1964 novel by Jorge Ibargüengoitia

Los relámpagos de agosto (officially translated as The Lightning of August) is the first novel written by Mexican author Jorge Ibargüengoitia.

Published for the first time in 1964, the text parodies the memories written by veterans of the 1910 Mexican Revolution and the armed revolts that continued to destabilize the country for the next two decades. Since many of those veterans had joined the Institutional Revolutionary Party (PRI) —a political organization that had ruled Mexico by rigging elections and engaging in massive corruption and cronyism for most of the 20th century— the topic was still considered off-limits by the governing regime (and the literary critics that sympathized with it) at the time of its publication.

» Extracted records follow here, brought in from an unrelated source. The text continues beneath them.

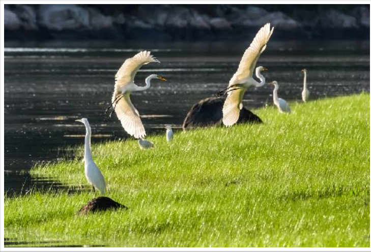
Great Egrets, Snowy Egrets, World's End, June, 2018

*This trip is co-sponsored with the Brookline Bird Club.
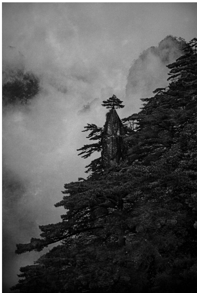
Loto Nero II©Costanza Gastaldi

Exhibition November 5 to December 14 teen 2019 Opening Tuesday November 5 from 4 to 9 pm
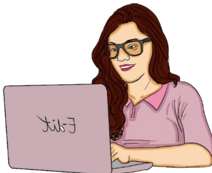
Figure 2. The character used for the interactive media of eight standard of public service on bureaucratic reform at the Indonesian Art Institute Denpasar

The characters used in the interactive media standard public service procedures in bureaucratic reform at the Indonesian Institute of the Arts Denpasar are a combination of wayang characters wrapped with modernization elements and packaged with a little cartoon nuance. These characters chosen to seem humanistic, in accordance with Balinese culture, and adapt to the characters used in several visual communication media from information on the application of eight public service standards at the Indonesian Institute of the Arts Denpasar. However, what makes it different from the previous characters, where the characters used in this interactive media character are made in their entirety from head to toe and the characters are used in colour. The characters used are the puppet characters Merdah and Tualen , where the Merdah character is designed to represent the community or someone who wants to get information. Meanwhile the Tualen character represents the staff member who provides services to the community, as well as four other characters such as the Condong dancer character who represents female visitors, then the character of the editor, the character of a bank teller and the character of a reviewer.
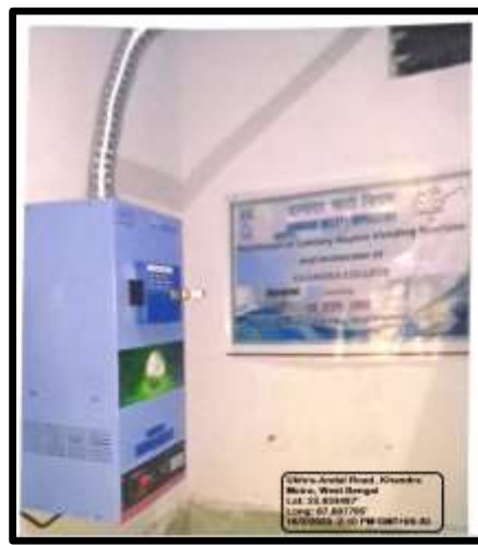
IMAGE OF WATER-PURIFIER
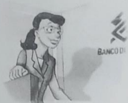
Brasilia 9:00 A.M.
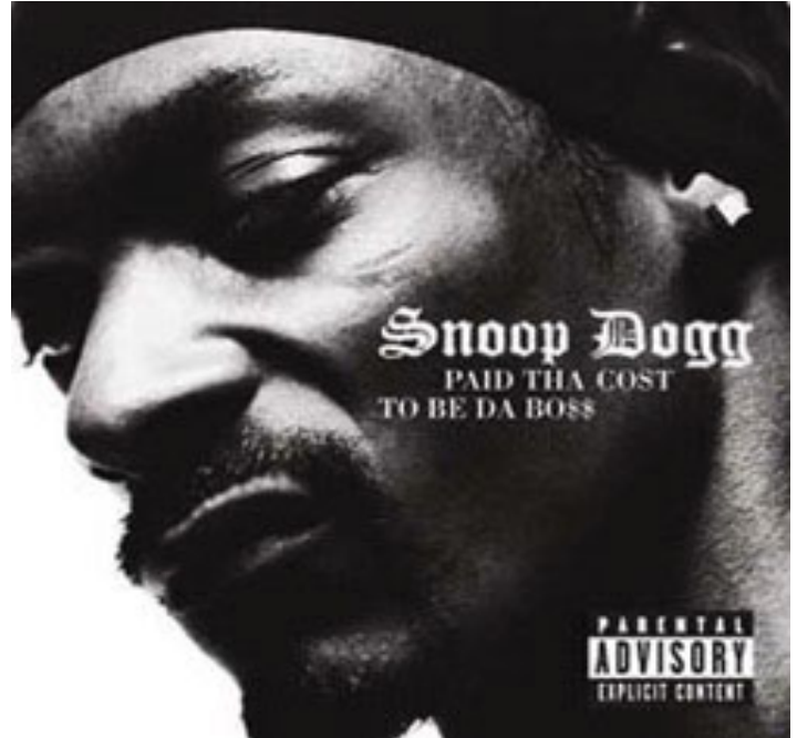
It Ain't Notin' but a W-Thang Baby. Snoop uses his verbal abilities to to send his message to the nation.

She's trippin for shizzle, know what I'm sayin? And check out these two shorties in tha back. Playa pimp's tryin to get him some C-to-the-double-O keys, but he's about to bust his hizzead all over da flizzo. And his lil' sisnat is sayin fool, pass that snack before you go out like a punk. Cuz it was her plan to get some of those C to the Double-O keys all along."
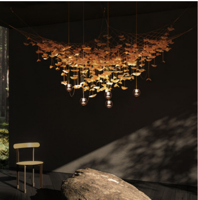
Shown in: Brushed Gold / Alabaster White

Part of the Automne Collection by Larose Guyon, the Valse au Crepuscule Suspension draws from, and gives back to, nature. An exquisite celebration of nature in all its splendor and its inimitable wonders, Automne is a collection that highlights the intricate compositions of elemental forms. Otherworldly, the delicate and the bold, imbued with artistic vision and elevated with noble materials, strike a chord of timeless luxury and refinement. With this ethereal collection, design, nature, and skill collide to create three exclusive sculptural works of 16 limited edition pieces that fuse art with function and evoke the delicate art form of sublime jewelry. Meticulously handcrafted, each design is painstakingly brought to life with unparalleled mastery and ingenuity for a breathtaking mesmeric result. Crafted of the finest materials - Brushed 24K Gold plated solid brass, brass fiber leaves and gold plated solid brass chains with Alabaster White glass shades. Larose Guyon is committed to allocating a portion of its profits to planting 1000 trees for each purchase of the Automne collection. That means a total of 50,000 trees will be planted once the collection is sold out. Each owner of Larose Guyon's Automne collection will be able to decide where the trees will be planted, in one of the many parts of the world where One Tree Planted is active. Larose Guyon will provide official documents certifying that One Tree Planted has completed the work.
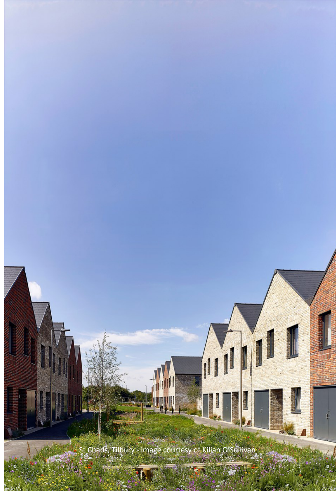
St Chads, Tilbury

“133. Local planning authorities should ensure that they have access to, and make appropriate use of, tools and processes for assessing and improving the design of development. These include workshops to engage the local community, design advice and review arrangements, and assessment frameworks such as Building for a Healthy Life 51 . These are of most benefit if used as early as possible in the evolution of schemes, and are particularly important for significant projects such as large scale housing and mixed use developments. In assessing applications, local planning authorities should have regard to the outcome from these processes, including any recommendations made by design review panels.”
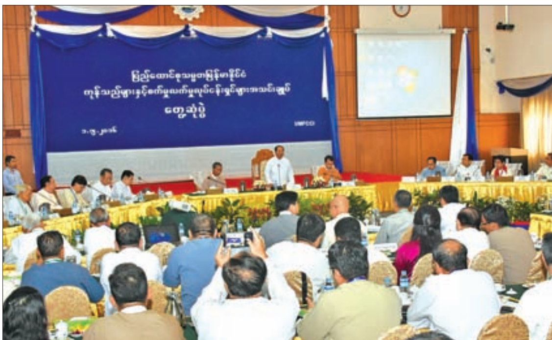
Vice President U Myint Swe speaking at UMFCCI meeting.

"With the help of Asian Development Bank, the framework and working processes of development in the private sector of the country was compiled in consultation with responsible persons. Five working committees will be formed to implement five panels. It is essential to solve problems that can be easily dealt with,
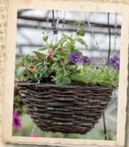
Bedding plants and hanging baskets
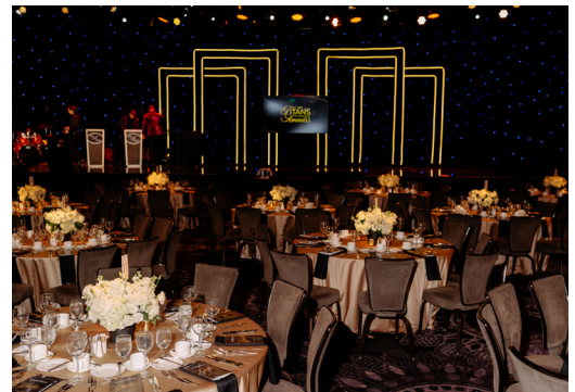
A stunning gala awards room bathed in elegant lighting, with round tables adorned with white floral centerpieces and flickering candles creating an atmosphere of sophistication and celebration.
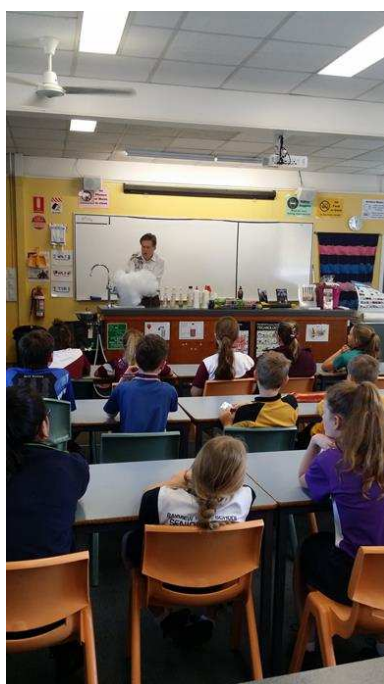
Students enjoying Science Primary Cluster Day
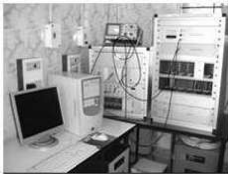
Figure 3. Partial reflection radar.
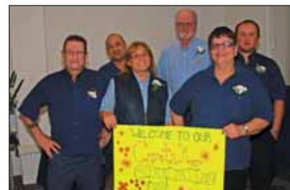
Loyola’s hardworking and caring custodial staff

The club continues to meet every Tuesday after school in room 141 to plan ways of helping other people everywhere. New members are always welcome.
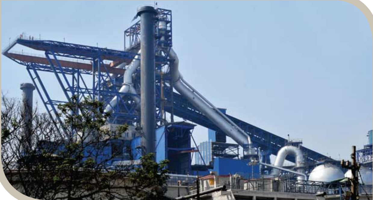
Brownfield expansion "I" Blast furnace, Jamshedpur, India

The 6 mtpa Pellet Plant will enable the Company to use extra-fine iron ore as the feed after beneficiation rather than scarce lumps, resulting in improved Blast Furnace productivity, due to increased percentage of agglomerate in the Blast Furnace burden. As mineral resources are scarce and exhaustible, the Company is continuously working to increase the life of its existing mines by improving productivity and enhancing its capabilities to mine and process inferior ores.

Critically, the novel went on to receive the 1964 Casa de las Américas annual prize. It has also been distributed among Mexican public schools through the National Reading Program and it was selected by the Guadalajara International Book Fair to celebrate the 2010 World Book Day.

==Plot==

Fictional Army General José Guadalupe "Lupe" Arroyo, a veteran of the 1910 Mexican Revolution, attempts to dispel all sorts of "defamatory claims" made by his political rivals and tries to explain the plainly incompetent political and military strategies devised by him and his associates.

==Style==

In the novel, Ibargüengoitia caricaturizes the solemn language and rhetoric frequently found in some autobiographical memoirs of the period. Except in a few instances where the passage at hand is not controversial, most characters, cities, and even states are entirely fictional, as the author tried to avert a direct confrontation with members of the ruling party.

==Publication==

According to the author, he finished writing the novel in 1963 —some twenty years before his untimely death in a plane accident. The first edition consisted of 10,000 copies printed in May 1964 by Casa de las Américas in Havana, Cuba, celebrating its winning entry for best novel in its annual prize. In Mexico, it was first available until May 1965 through Joaquín Mortiz; a publishing house acquired by Grupo Planeta in 1983. Most covers used by Planeta through both its Joaquín Mortiz and Booket imprints include a painting by his widow, British-born artist Joy Laville.

As for its English edition, Ibargüengoitia negotiated a translation with Dr. Jack Robert in 1970 but, according to Víctor Díaz Arciniega, it was never completed. In 1986, Irene del Corral became the first official translator and her version was published by Bard/Avon Books (New York) under the title The Lightning of August. The same translation was adapted to British English and published in the United Kingdom by Chatto & Windus (1986).

In total, the novel has been translated into seven languages.